In Q2 2020, employee compensation decreased to 103,957 (Q2 2019 – $414,873) and subcontracting, direct materials and manufacturing overhead increased to $813,201 (Q2 2019 – $335,240). The gross margin for Q2 2020 was $1,268,592 or 59.5% of revenue compared to a gross margin of $185,349 or 20.3% of revenue for Q2 2019. As a result of the type of contracts being executed, the nature of the project activity, as well as the composition of the cost of sales and services, as the mix between labour, materials and subcontracts may be significantly different. Of note, the Company in Q2 2020 applied for an amount of $648,125 in wage subsidy from Revenue Canada under the CEWS program. From this amount, $92,028 was applied to employee compensation under cost of sales and services.

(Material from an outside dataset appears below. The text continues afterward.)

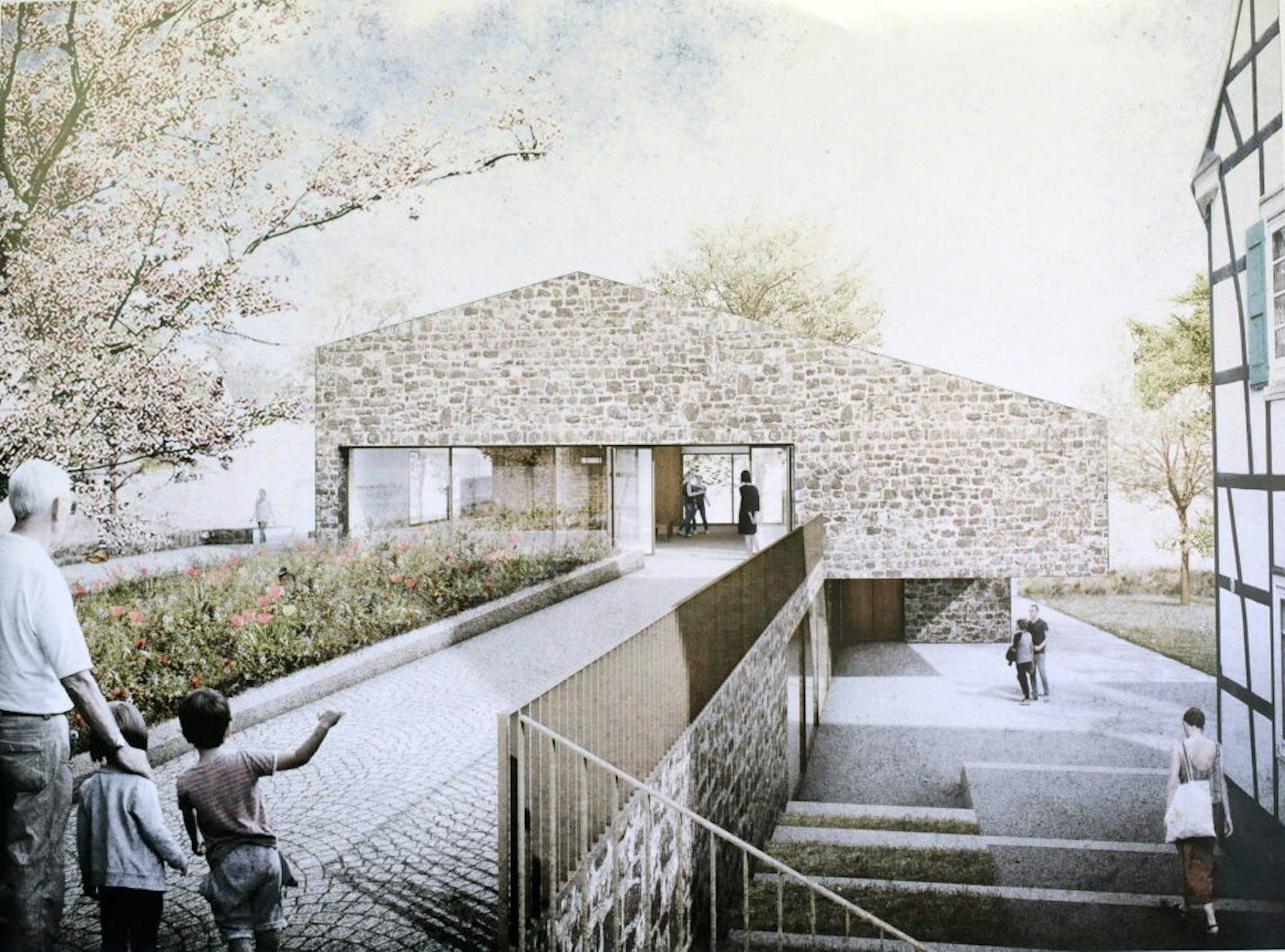 Viel Mühe mit der Hanglage des zweigeschossigen Gebäudes und mit den Baumaterialien haben sich Architekt Konstantin Pichler und die Landschaftsarchitekten vom Büro Stern an diesem exponierten Schauplatz im Dorfkern gemacht. Das Kölner Büro Kastner Pichler hat 2018 den vom Presbyterium ausgelobten Architektenwettbewerb gewonnen. Die Fassade aus Grauwacke, Natursteinböden, das asymmetrisch abfallende Schieferdach, draußen Sitzmauern aus Bruchsteinen und ein begrünter Vorplatz mit historischem Brunnenschacht nehmen auf den Ansichten Rücksicht auf die bergische Barockkirche und die Fachwerk-Umgebung des Denkmal-Dorfkerns.

Investment tax credits recorded against cost of sales are related to projects that qualify for tax credits from the provincial government of Quebec. Qualifying tax credits decreased to $18,758 in Q2 2020, compared with $29,061 in Q2 2019. This represents a decrease of 35% year-over-year. In total, the Company earned refundable investment tax credits of $17,332 in Q2 2020. The Company continues to make investments in research and development projects involving strategic partners and government bodies.

The amortization of intangible assets of $6,813 in Q2 2020 and $4,779 for Q2 2019 relates to patents and deferred development costs. Of note, these expenses are non-cash items and will be amortized over the duration of the patent lives.

Selling, General and Administrative Expenses

Included within Selling, General and Administrative expenses (“SG&A”) are costs associated with corporate administration, business development, project proposals, operations administration, investor relations and employee training.

SG&A expenses for Q2 2020 excluding the costs associated with share-based compensation (a non-cash item in which options vest principally over a four-year period), were $1,641,338 representing an increase of 4% compared with $1,583,779 reported for Q2 2019. 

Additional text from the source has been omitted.